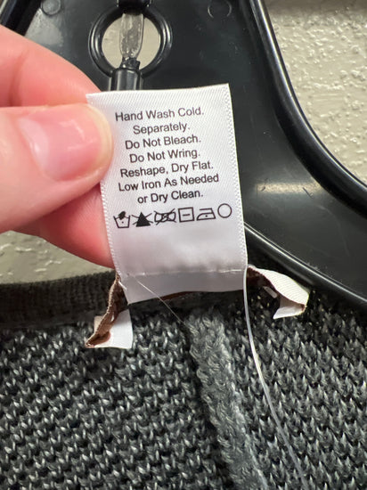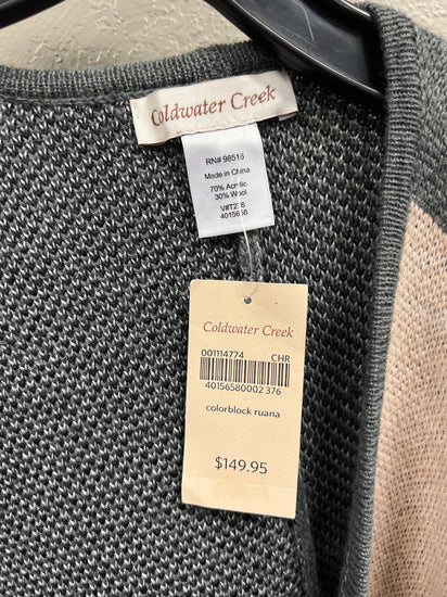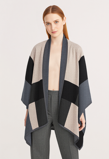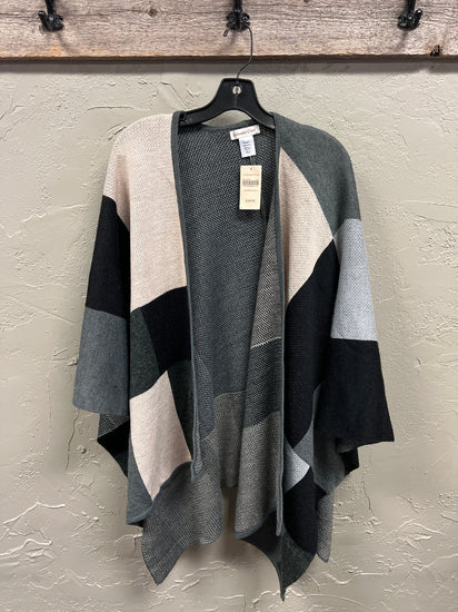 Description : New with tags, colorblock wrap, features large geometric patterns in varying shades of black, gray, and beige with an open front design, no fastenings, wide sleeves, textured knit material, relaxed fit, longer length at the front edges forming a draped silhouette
----------
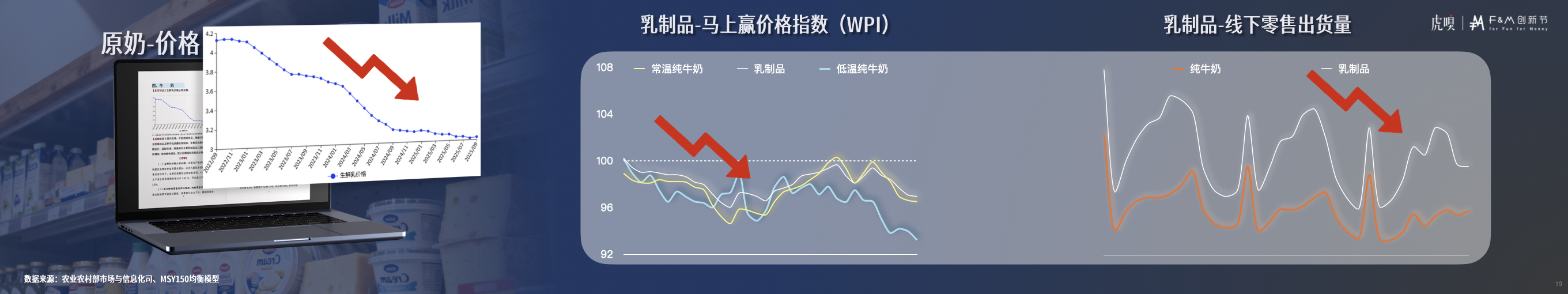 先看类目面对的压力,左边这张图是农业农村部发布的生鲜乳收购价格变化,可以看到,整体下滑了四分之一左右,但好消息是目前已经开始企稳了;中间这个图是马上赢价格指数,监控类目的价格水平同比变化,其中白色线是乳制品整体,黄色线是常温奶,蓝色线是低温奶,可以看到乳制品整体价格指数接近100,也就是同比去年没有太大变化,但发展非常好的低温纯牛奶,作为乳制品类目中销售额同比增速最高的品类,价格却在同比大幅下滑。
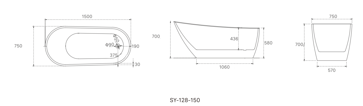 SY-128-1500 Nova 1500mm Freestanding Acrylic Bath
----------
Work item — The answer should consist only of the lines above from the one with "先看类目面对的压力,左边这张" through the one with "SY-128-1500 Nova 1500mm", repeated exactly, with no pictures among them.

Completed task —
 先看类目面对的压力,左边这张图是农业农村部发布的生鲜乳收购价格变化,可以看到,整体下滑了四分之一左右,但好消息是目前已经开始企稳了;中间这个图是马上赢价格指数,监控类目的价格水平同比变化,其中白色线是乳制品整体,黄色线是常温奶,蓝色线是低温奶,可以看到乳制品整体价格指数接近100,也就是同比去年没有太大变化,但发展非常好的低温纯牛奶,作为乳制品类目中销售额同比增速最高的品类,价格却在同比大幅下滑。
 SY-128-1500 Nova 1500mm Freestanding Acrylic Bath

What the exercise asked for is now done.